# DATA FOR THE TASK
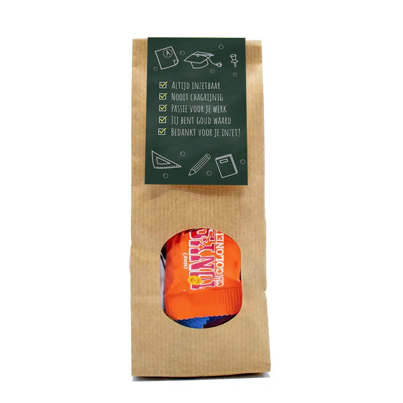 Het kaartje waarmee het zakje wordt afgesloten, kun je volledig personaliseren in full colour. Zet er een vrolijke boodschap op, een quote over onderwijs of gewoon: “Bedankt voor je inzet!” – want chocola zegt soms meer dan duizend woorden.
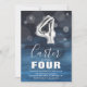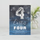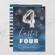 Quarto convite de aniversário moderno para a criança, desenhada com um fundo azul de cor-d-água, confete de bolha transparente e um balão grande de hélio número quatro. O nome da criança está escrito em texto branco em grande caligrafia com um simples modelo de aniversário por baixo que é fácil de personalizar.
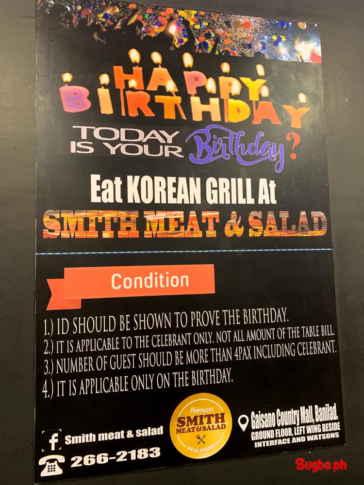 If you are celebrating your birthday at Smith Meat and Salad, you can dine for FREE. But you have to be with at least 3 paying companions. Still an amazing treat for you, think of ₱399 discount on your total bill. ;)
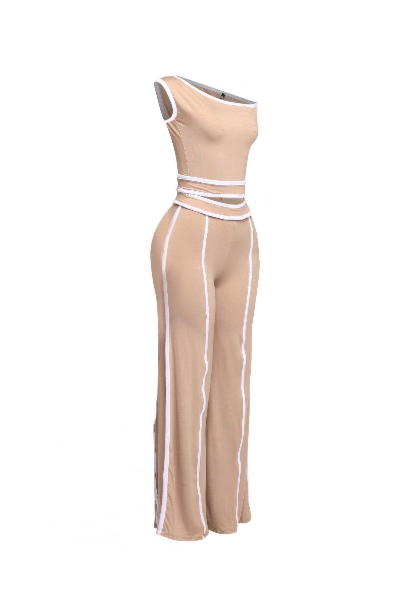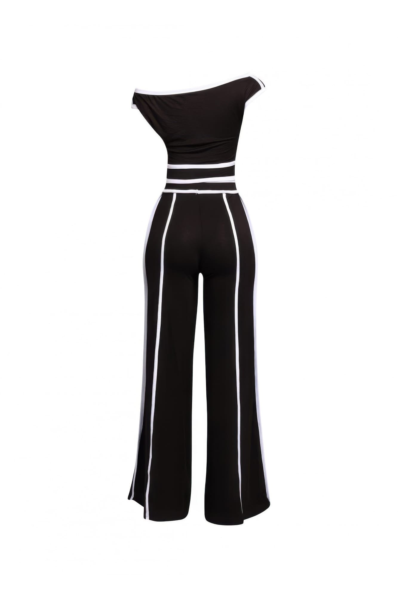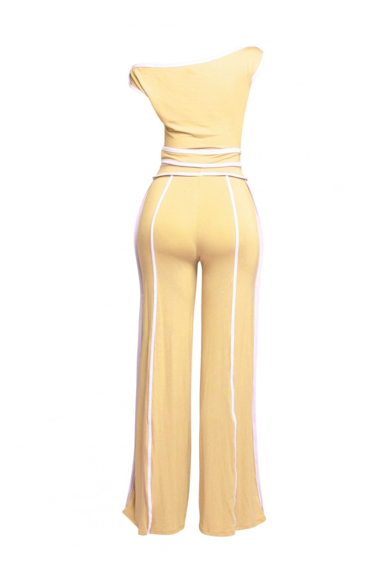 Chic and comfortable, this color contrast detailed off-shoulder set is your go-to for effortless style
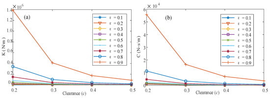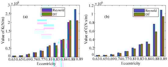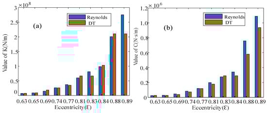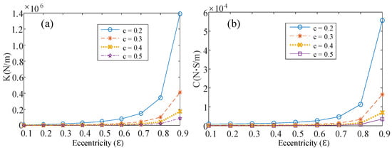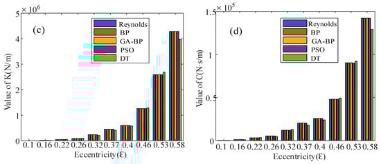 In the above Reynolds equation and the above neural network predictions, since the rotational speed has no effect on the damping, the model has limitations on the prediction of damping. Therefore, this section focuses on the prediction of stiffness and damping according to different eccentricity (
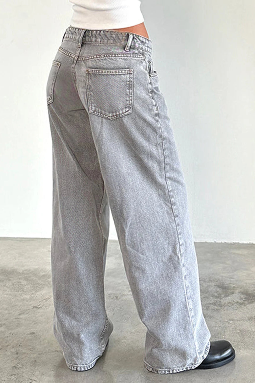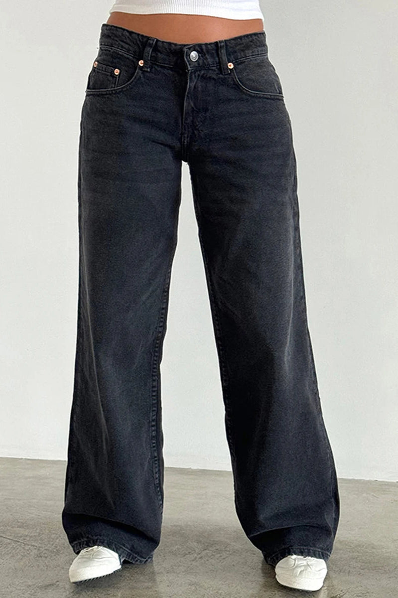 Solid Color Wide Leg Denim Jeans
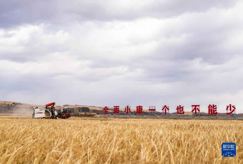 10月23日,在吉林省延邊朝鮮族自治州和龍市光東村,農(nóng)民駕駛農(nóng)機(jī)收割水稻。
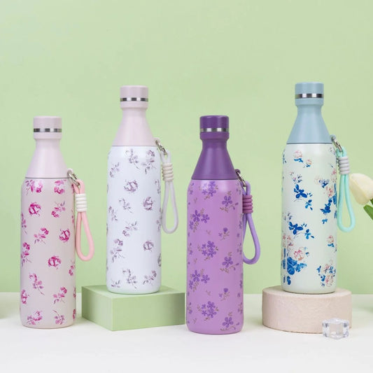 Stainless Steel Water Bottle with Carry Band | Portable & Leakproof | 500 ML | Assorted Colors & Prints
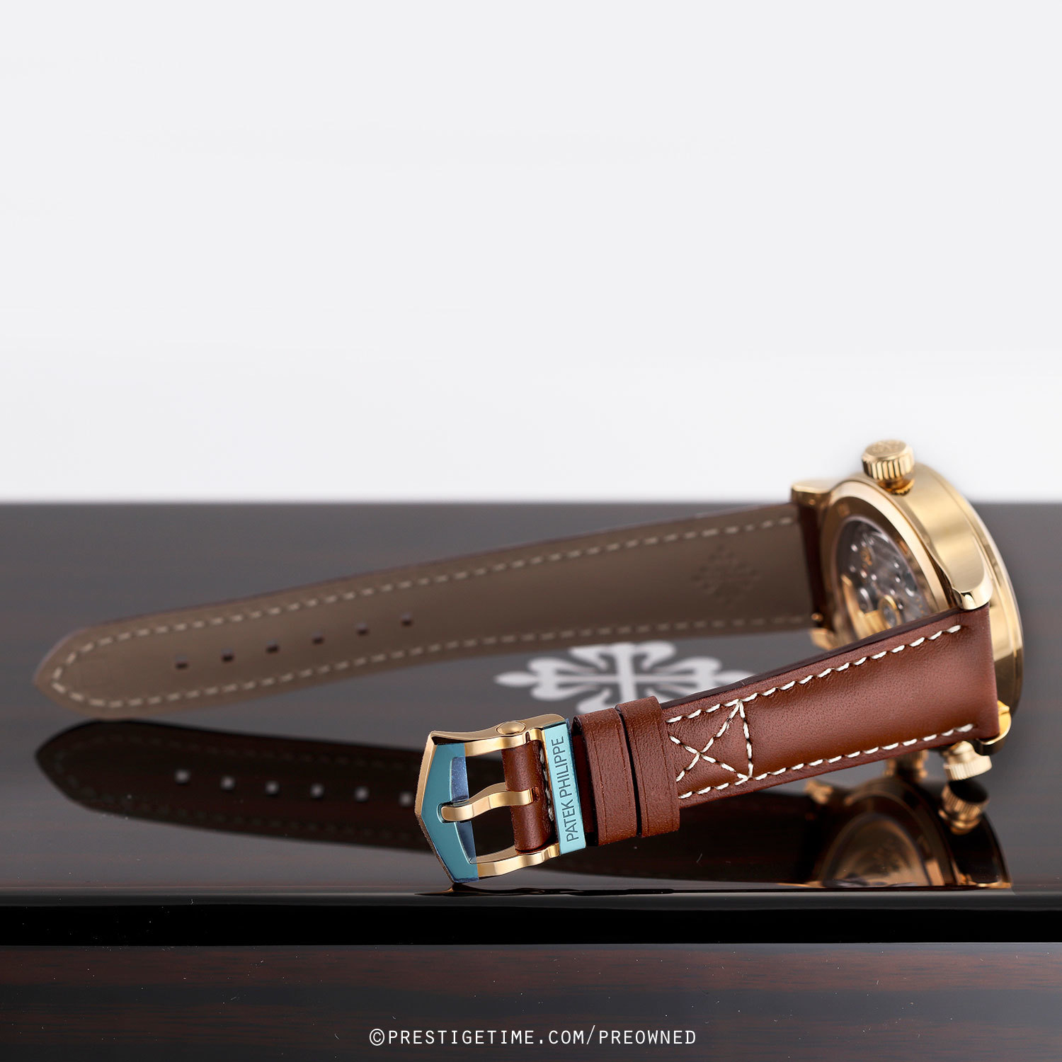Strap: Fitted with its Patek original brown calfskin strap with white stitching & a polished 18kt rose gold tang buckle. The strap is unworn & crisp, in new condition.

...

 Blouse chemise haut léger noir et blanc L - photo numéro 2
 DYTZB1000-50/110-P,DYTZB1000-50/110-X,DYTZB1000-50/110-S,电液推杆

# ACTION ITEM
Transcribe, from the material above, the stretch starting at the line with "Stainless Steel Water" and ending at the line with "Strap: Fitted with", both included, exactly. Do not carry over pictures.

# EXERCISE ANSWER
 Stainless Steel Water Bottle with Carry Band | Portable & Leakproof | 500 ML | Assorted Colors & Prints
Strap: Fitted with its Patek original brown calfskin strap with white stitching & a polished 18kt rose gold tang buckle. The strap is unworn & crisp, in new condition.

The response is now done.